Well Scarbelly it was a good idea.  I suspended a cooling rack underneath my waterpan using paperclips and sat the amnps on it.  I lit it from both ends and had 4.5 hours of nice smoke.  This is closer to what I was expecting.  I left the original chip pan in place and didn't add a brick or sand to it.  Adding either of these might help but I am not sure if I really could get much more than 4.5 hours from both ends.  I will try to take a picture here in the next day or two and post it in cast others are having the same problem.  I am planning on getting to lowes to buy some hooks to replace the paper clips.  Thanks again.


----------



## Bearcarver (Nov 21, 2011)

That's Great Tank----Scarbelly to the rescue !!!    
	

	
	
		
		



		
			






Bear


----------



## scarbelly (Nov 21, 2011)

Tank said:


> Well Scarbelly it was a good idea.  I suspended a cooling rack underneath my waterpan using paperclips and sat the amnps on it.  I lit it from both ends and had 4.5 hours of nice smoke.  This is closer to what I was expecting.  I left the original chip pan in place and didn't add a brick or sand to it.  Adding either of these might help but I am not sure if I really could get much more than 4.5 hours from both ends.  I will try to take a picture here in the next day or two and post it in cast others are having the same problem.  I am planning on getting to lowes to buy some hooks to replace the paper clips.  Thanks again.
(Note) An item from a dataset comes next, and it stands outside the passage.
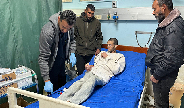 على سرير مجاور، يرقد الأسير المحرر ثابت أبو خاطر، وهو مسنٌّ أُفرج عنه من سجون إسرائيل بقدم مبتورة وأخرى متورمة تملؤها الزرقة، ما قد يجعله عرضة لخسارتها.

Glad it worked for you. My thought on the paperclips was to use the big ones and use the smaller bend on the AMNPS which would allow the bigger end to slip over the ribs on the shelf and still be flexible enough to move in or out to adjust for the width difference but looks like you got it figured out on your own. Nice job -


----------



## tjohnson (Nov 21, 2011)

I spoke with my Attorney today, and he's now including the "Paper Clip Hangers" into my patent, and you all are now infringing on my patent.

Letters will be arriving soon.

LMFAO!!! 
	

	
	
		
		



		
		
	


	





TJ


----------



## backyardsmoker (Nov 25, 2011)

Tank,

I've got the same smoker and am having the same results.

I too tried placing the AMNPS on top of 2 fire bricks in the chip pan.

(I first tried just placing the AMNPS inside the chip pan-the pellets caught fire very quickly)

Here's a link that shows my setup in one of the pictures:

http://www.smokingmeatforums.com/t/...rd-wasnt-stuffed-but-i-sure-am-lots-of-q-view

I was trying to keep the water pan where it is-but can I switch the chip pan and water pan locations? Since I'm using the AMNPS-I don;t need the chips pan close to the flame.

If I switch the places-I imagine the water will boil away extremely fast, though!

thanks,

Ken


----------